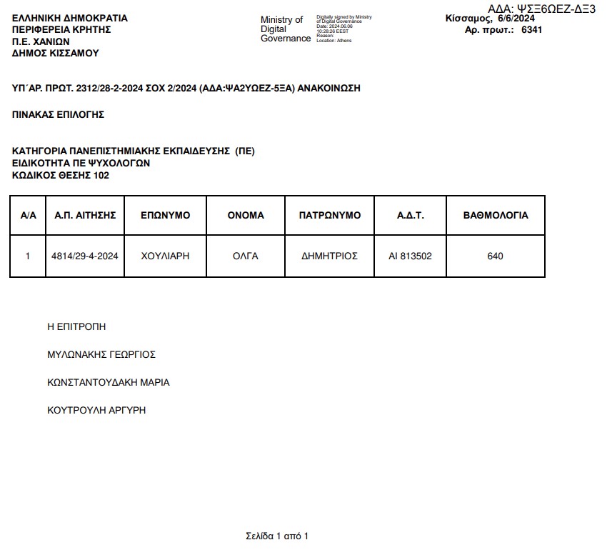 Ο Δήμος Κισσάμου ανακοινώνει την δημοσίευση των Πινάκων Κατάταξης & Βαθμολογίας, των Πινάκων Επιλογής, καθώς και των Πινάκων Απορριπτέων υποψηφίων, ειδικότητας ΔΕ Διοικητικού / Λογιστικού της υπ'αρ.πρωτ. 4889/30-4-2024 ΣΟΧ 3/2024 Ανακοίνωσης.
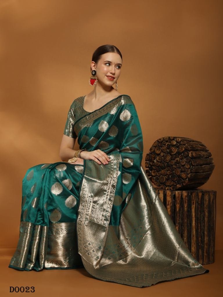 Saree :- Soft Organza silk saree with zari weaving design all over the saree & zari weaving Rich pallu with zari weaving border.
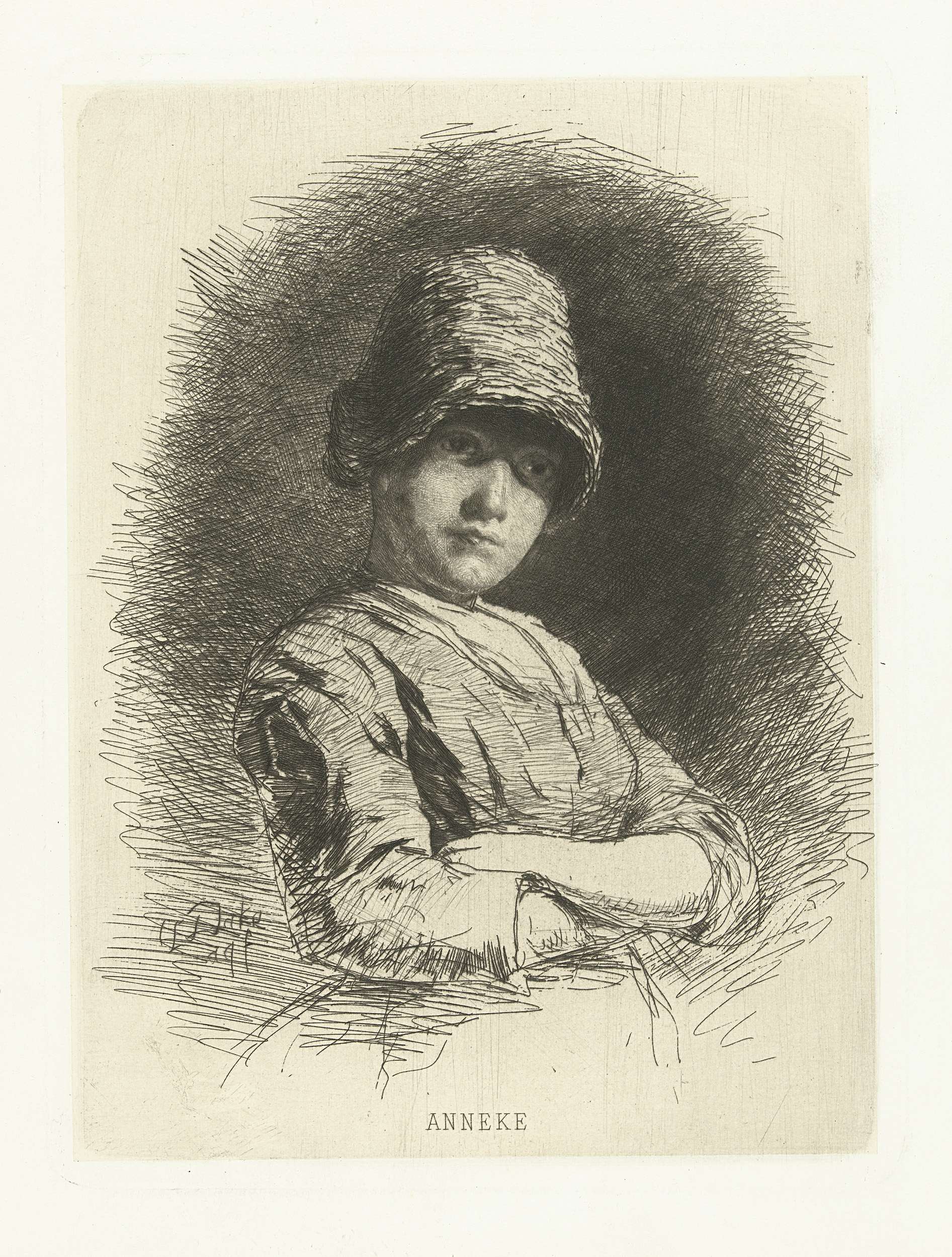 Portret van jonge vrouw, Anneke, staand met armen ov...
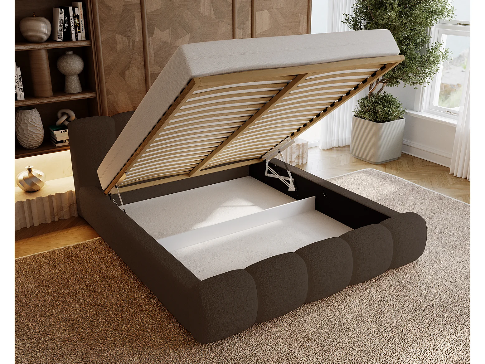 Łóżko tapicerowane 140x200 cm Ravello - łóżko z pojemnikiem, tkanina boucle brązowy (Lambi 4)
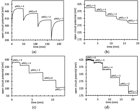 Using an Ag/AgCl/KClsaturated reference electrode from SI Analytics as well as a VMP3 potentiometer from Biologic, the different pNO3-ElecCell devices were characterized through open-circuit voltage measurements in KNO3 solutions for concentrations ranging between 10−6 and 10−1 M, aiming at the study of their detection properties (sensitivity, measurement range, and stability).
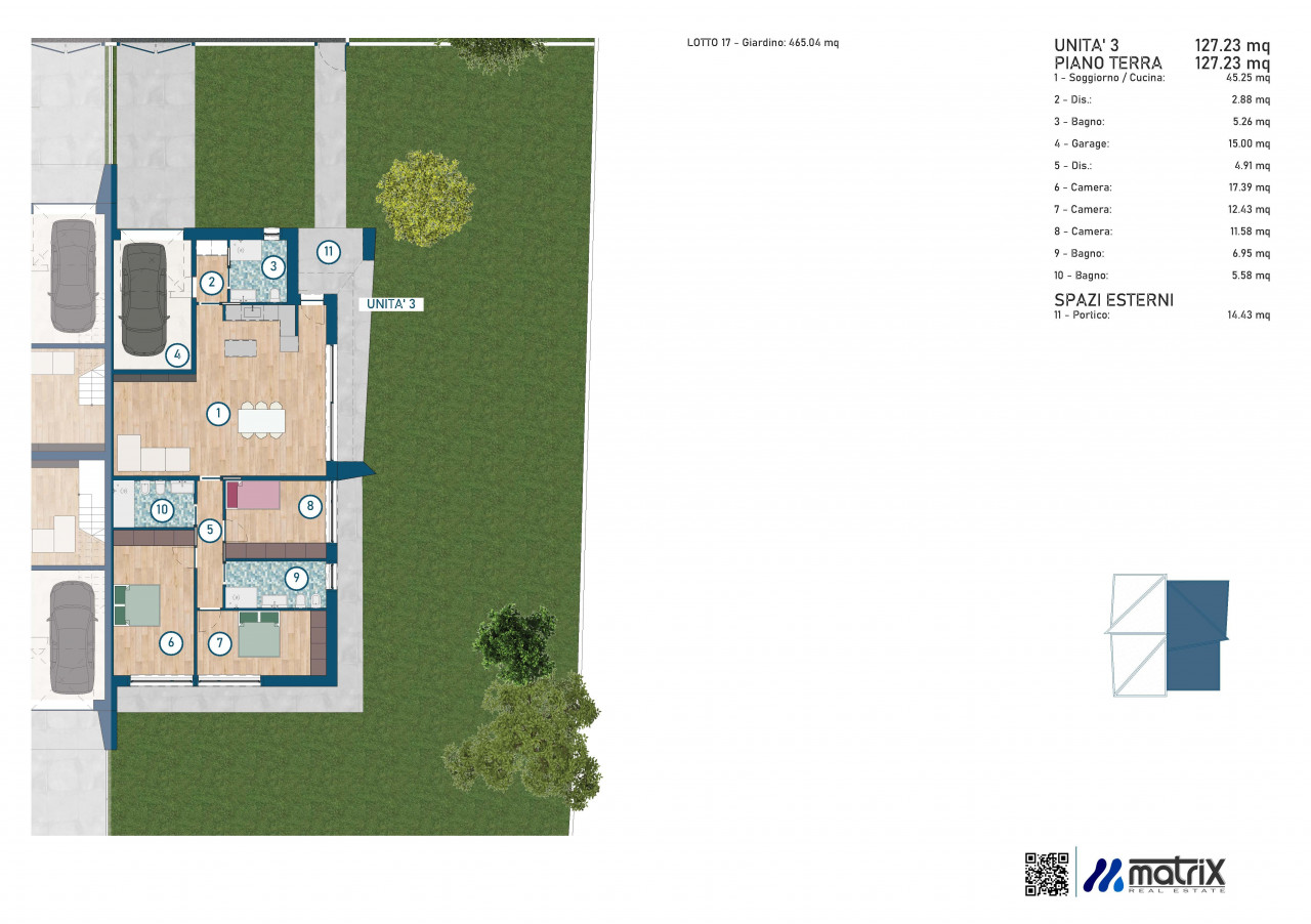 con ampie vetrate scorrevoli che consente l'accesso ad un portico di 14,43 mq. che porta al giardino di 512,62 mq.

──────

-- Required work --
Please give back every line above exactly as it stands, without pictures.

-- Result for this exercise --
 Ο Δήμος Κισσάμου ανακοινώνει την δημοσίευση των Πινάκων Κατάταξης & Βαθμολογίας, των Πινάκων Επιλογής, καθώς και των Πινάκων Απορριπτέων υποψηφίων, ειδικότητας ΔΕ Διοικητικού / Λογιστικού της υπ'αρ.πρωτ. 4889/30-4-2024 ΣΟΧ 3/2024 Ανακοίνωσης.
 Saree :- Soft Organza silk saree with zari weaving design all over the saree & zari weaving Rich pallu with zari weaving border.
 Portret van jonge vrouw, Anneke, staand met armen ov...
 Łóżko tapicerowane 140x200 cm Ravello - łóżko z pojemnikiem, tkanina boucle brązowy (Lambi 4)
 Using an Ag/AgCl/KClsaturated reference electrode from SI Analytics as well as a VMP3 potentiometer from Biologic, the different pNO3-ElecCell devices were characterized through open-circuit voltage measurements in KNO3 solutions for concentrations ranging between 10−6 and 10−1 M, aiming at the study of their detection properties (sensitivity, measurement range, and stability).
 con ampie vetrate scorrevoli che consente l'accesso ad un portico di 14,43 mq. che porta al giardino di 512,62 mq.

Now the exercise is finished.